**Exercise instructions**
Print the entries exactly; skip the pictures.
------------------------
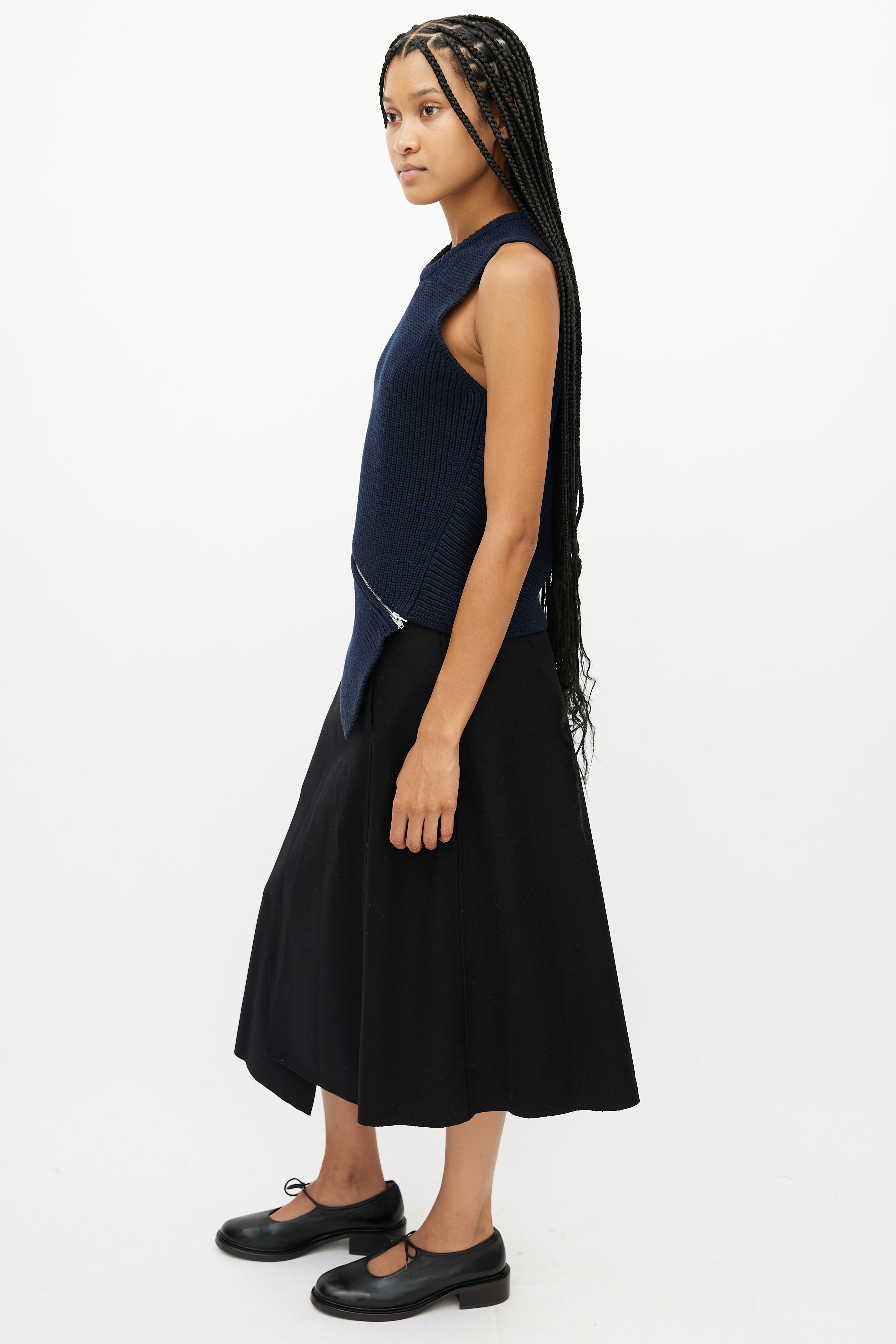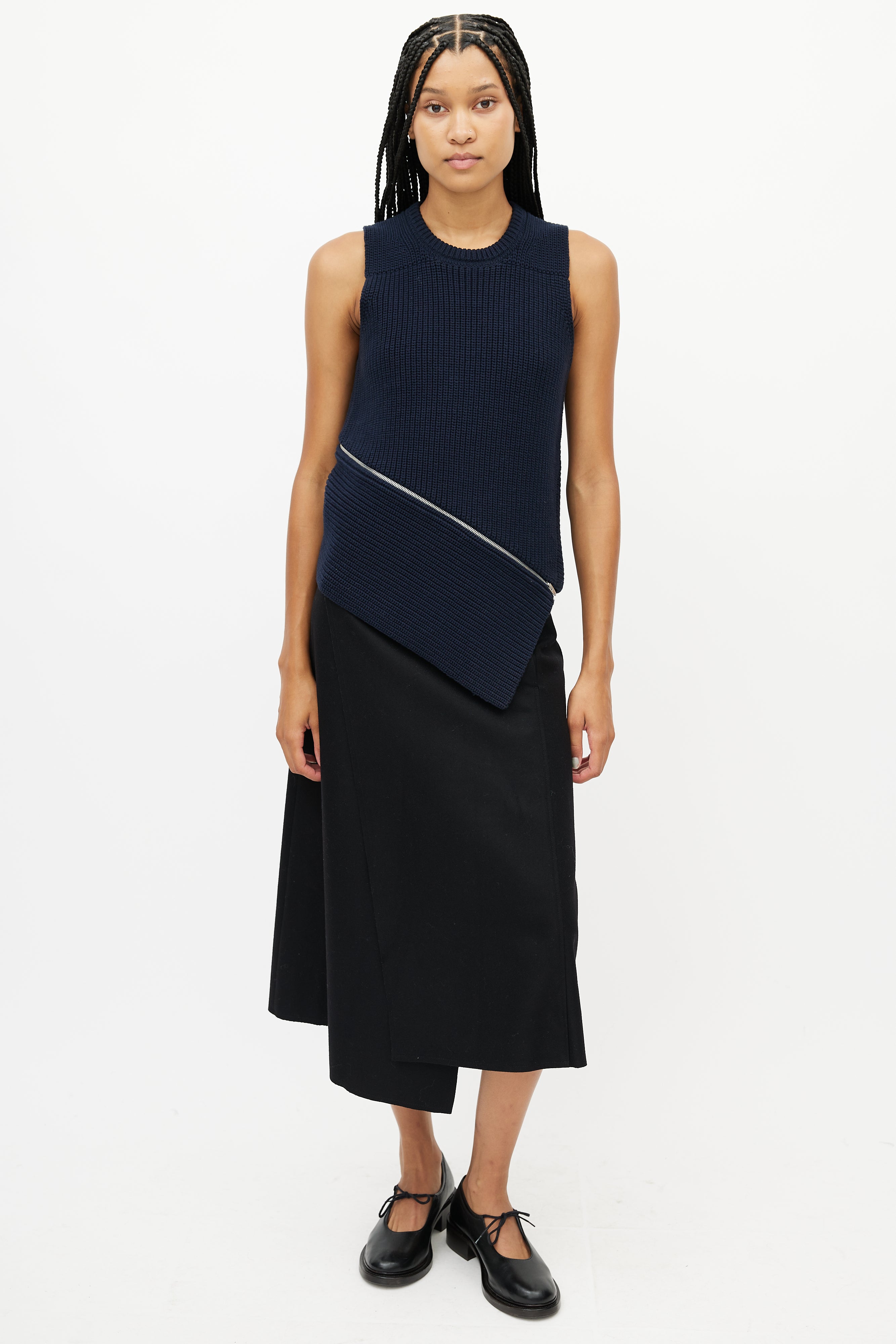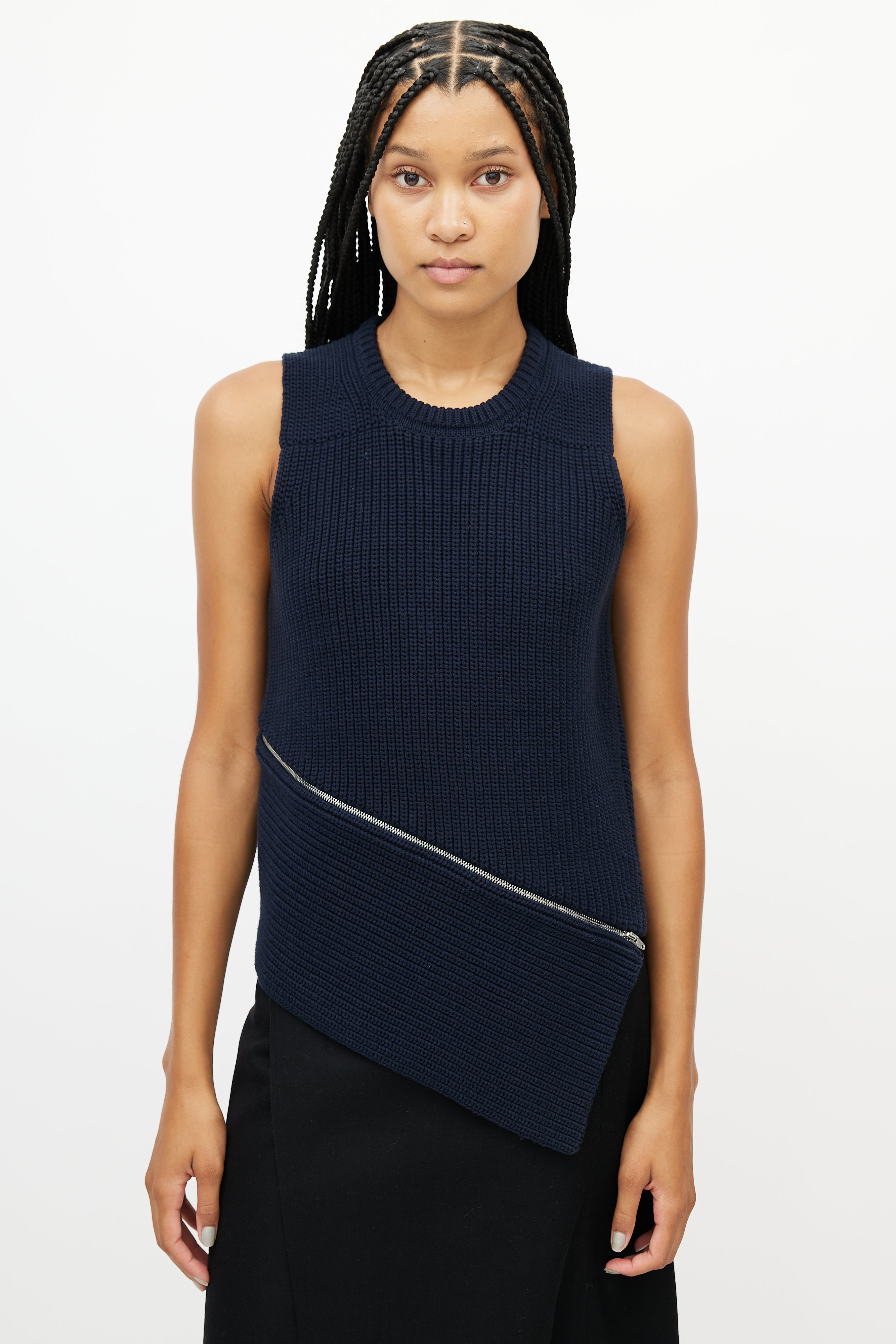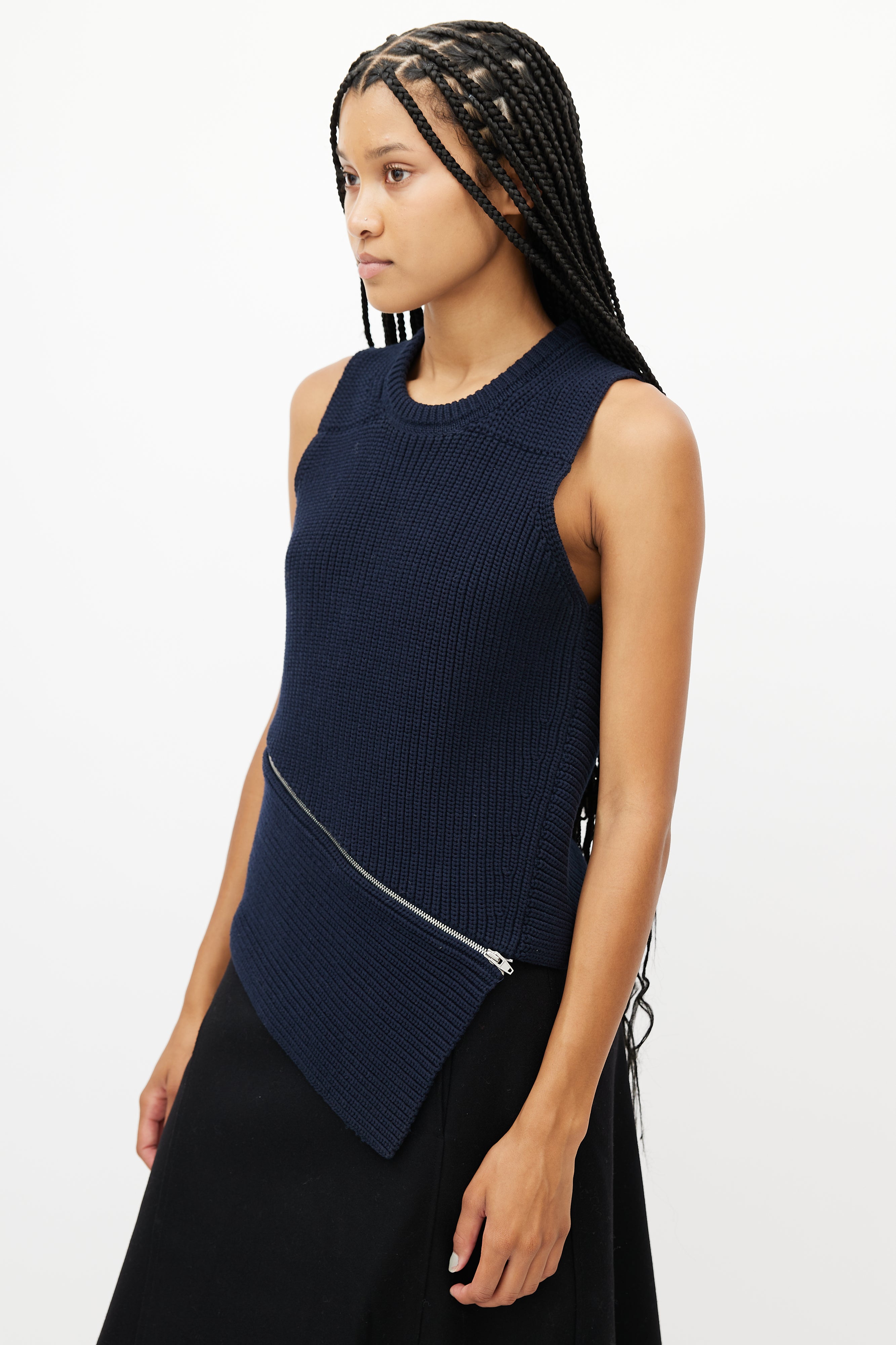 Pre-owned Alexander Wang navy knit top featuring a silver tone diagonal zip detail throughout, crew neckline, and sleeveless styling.
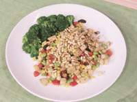1.松子炒香,香菇泡水與素肉切丁,毛豆、筍丁、花椰菜汆燙備用。
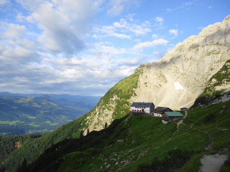 Von der Wochenbrunner Alm über die Gaudeamus Hütte ins Kübelkar zum Steigbeginn.
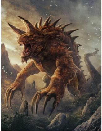 Вот только в отличие от Ти-Рекса, у этого колосса росли вполне функциональные и полноразмерные передние лапы с длинными когтями на конце. Ими он и пропахал те самые борозды на земле в стойбище Гремящего пика. Ими же он прямо на ходу загребал вековые деревья, отправляя их себе в бездонную пасть. Лёгкая закуска. Как чипсы. За собой гигант оставлял настоящую просеку в древнем лесу.
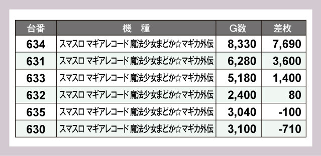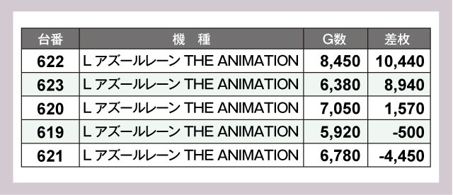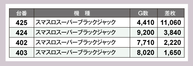パチスロコーナーでとくに輝いていたのは『スマスロスーパーブラックジャック』。425番台が+11,060枚と見事な成績を残している。『L アズールレーン THE ANIMATION』も活況で万枚達成台があらわれた。『スマスロ マギアレコード 魔法少女まどか☆マギカ外伝』からも優秀台が多数誕生。ホール内の盛り上がりにひと役かっている。
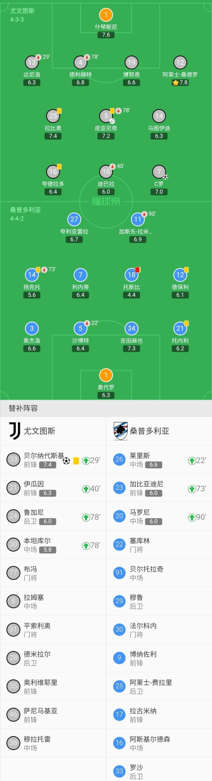 尤文图斯首发:1-什琴斯尼、13-达尼洛(29`33-贝尔纳代斯基)、4-德利赫特(78`24-鲁加尼)、19-博努奇、12-阿莱士-桑德罗、5-皮亚尼奇(78`30-本坦库尔)、25-拉比奥、14-马图伊迪、16-夸德拉多、10-迪巴拉(39`21-伊瓜因)、7-C罗
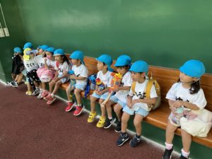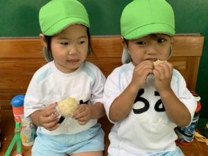→ぱんだ組さんは帰園し、3・4・5歳児の子どもたちはサンドーム前で昼食タイム☆
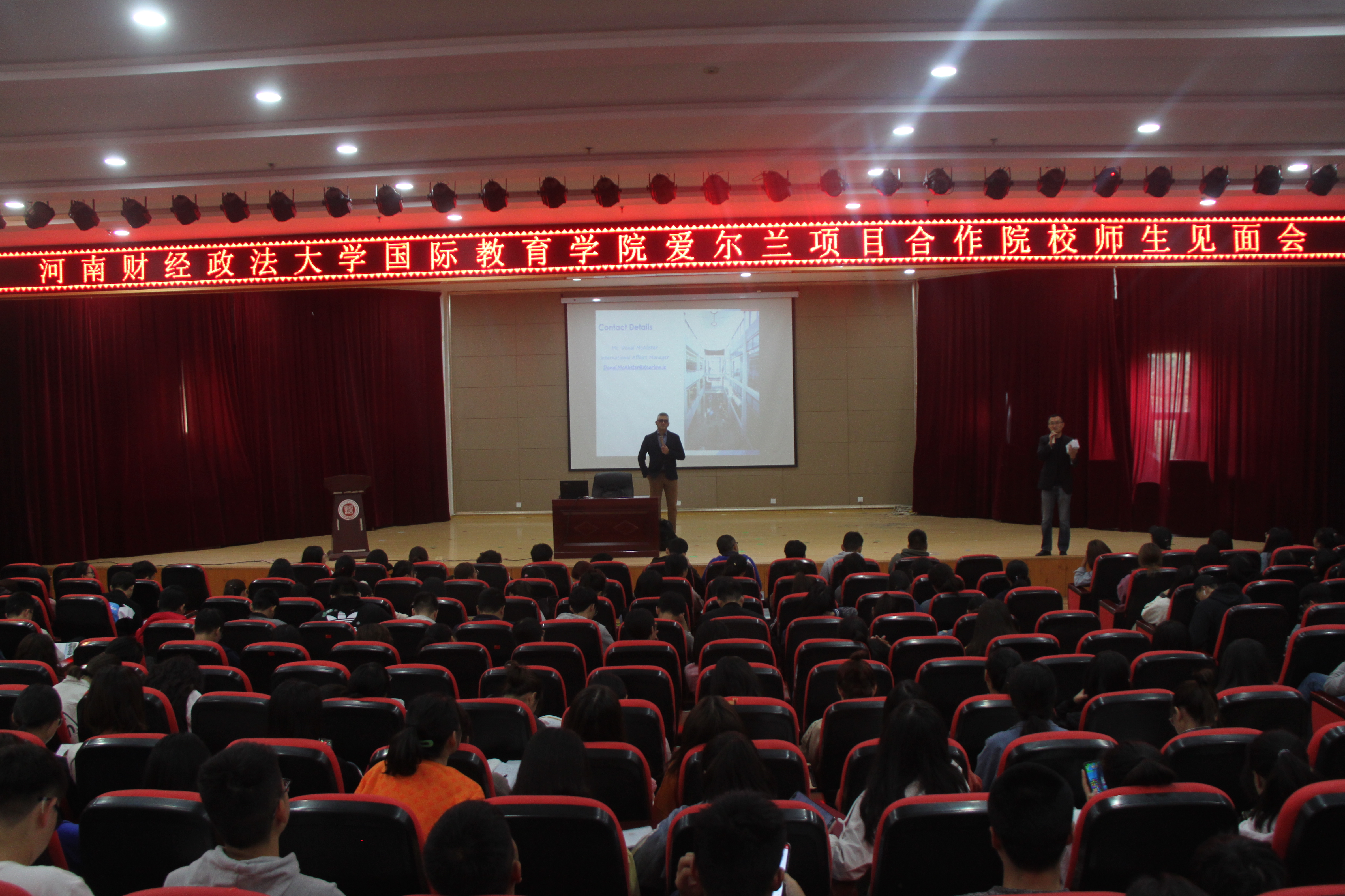 2019年10月30日,公司于4号楼报告厅举办爱尔兰合作办学项目师生见面会。爱尔兰卡罗理工学院国际项目办公室主任Donal McAlister出席本次会议,爱尔兰卡罗理工学院中国办公室主任宿峥主持此次大会,2019级全体员工参加。
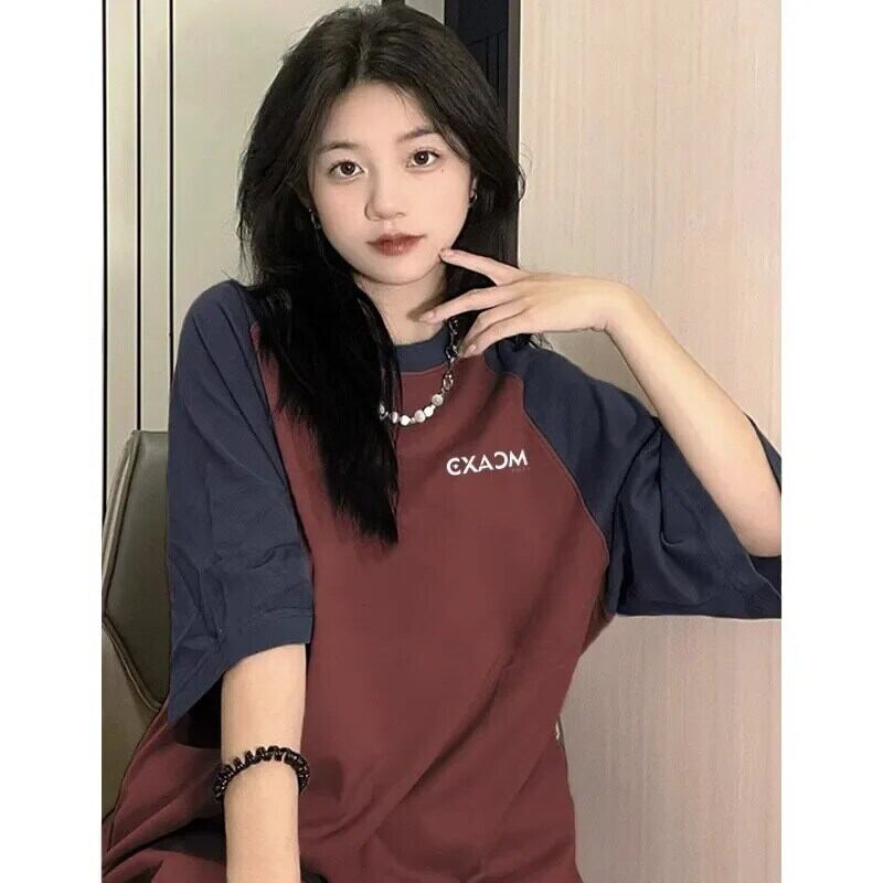 韓国スタイルカラーブロック y2k トップゴス Tシャツ tシャツ 2024 夏カジュアルルーズレタープリント Tシャツ原宿 かわいい サマー 夏物
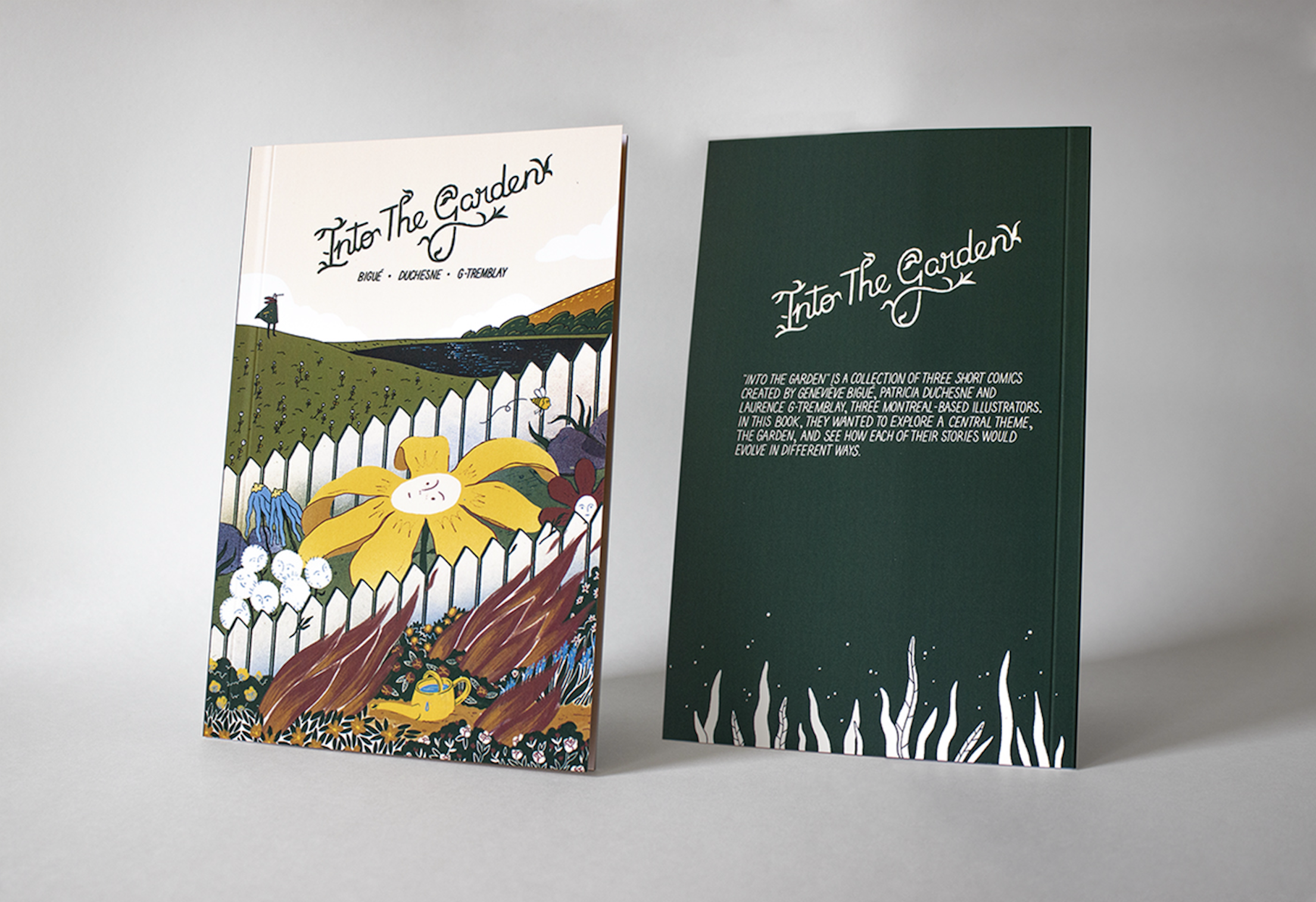 Deux livres posés sur une surface blanche, l'un avec une couverture illustrée d'un jardin avec des fleurs et une clôture en bois et l'autre avec une couverture verte avec du texte.
------------------------
**Exercise answer**
 Pre-owned Alexander Wang navy knit top featuring a silver tone diagonal zip detail throughout, crew neckline, and sleeveless styling.
1.松子炒香,香菇泡水與素肉切丁,毛豆、筍丁、花椰菜汆燙備用。
 Von der Wochenbrunner Alm über die Gaudeamus Hütte ins Kübelkar zum Steigbeginn.
 Вот только в отличие от Ти-Рекса, у этого колосса росли вполне функциональные и полноразмерные передние лапы с длинными когтями на конце. Ими он и пропахал те самые борозды на земле в стойбище Гремящего пика. Ими же он прямо на ходу загребал вековые деревья, отправляя их себе в бездонную пасть. Лёгкая закуска. Как чипсы. За собой гигант оставлял настоящую просеку в древнем лесу.
パチスロコーナーでとくに輝いていたのは『スマスロスーパーブラックジャック』。425番台が+11,060枚と見事な成績を残している。『L アズールレーン THE ANIMATION』も活況で万枚達成台があらわれた。『スマスロ マギアレコード 魔法少女まどか☆マギカ外伝』からも優秀台が多数誕生。ホール内の盛り上がりにひと役かっている。
 尤文图斯首发:1-什琴斯尼、13-达尼洛(29`33-贝尔纳代斯基)、4-德利赫特(78`24-鲁加尼)、19-博努奇、12-阿莱士-桑德罗、5-皮亚尼奇(78`30-本坦库尔)、25-拉比奥、14-马图伊迪、16-夸德拉多、10-迪巴拉(39`21-伊瓜因)、7-C罗
→ぱんだ組さんは帰園し、3・4・5歳児の子どもたちはサンドーム前で昼食タイム☆
 2019年10月30日,公司于4号楼报告厅举办爱尔兰合作办学项目师生见面会。爱尔兰卡罗理工学院国际项目办公室主任Donal McAlister出席本次会议,爱尔兰卡罗理工学院中国办公室主任宿峥主持此次大会,2019级全体员工参加。
 韓国スタイルカラーブロック y2k トップゴス Tシャツ tシャツ 2024 夏カジュアルルーズレタープリント Tシャツ原宿 かわいい サマー 夏物
 Deux livres posés sur une surface blanche, l'un avec une couverture illustrée d'un jardin avec des fleurs et une clôture en bois et l'autre avec une couverture verte avec du texte.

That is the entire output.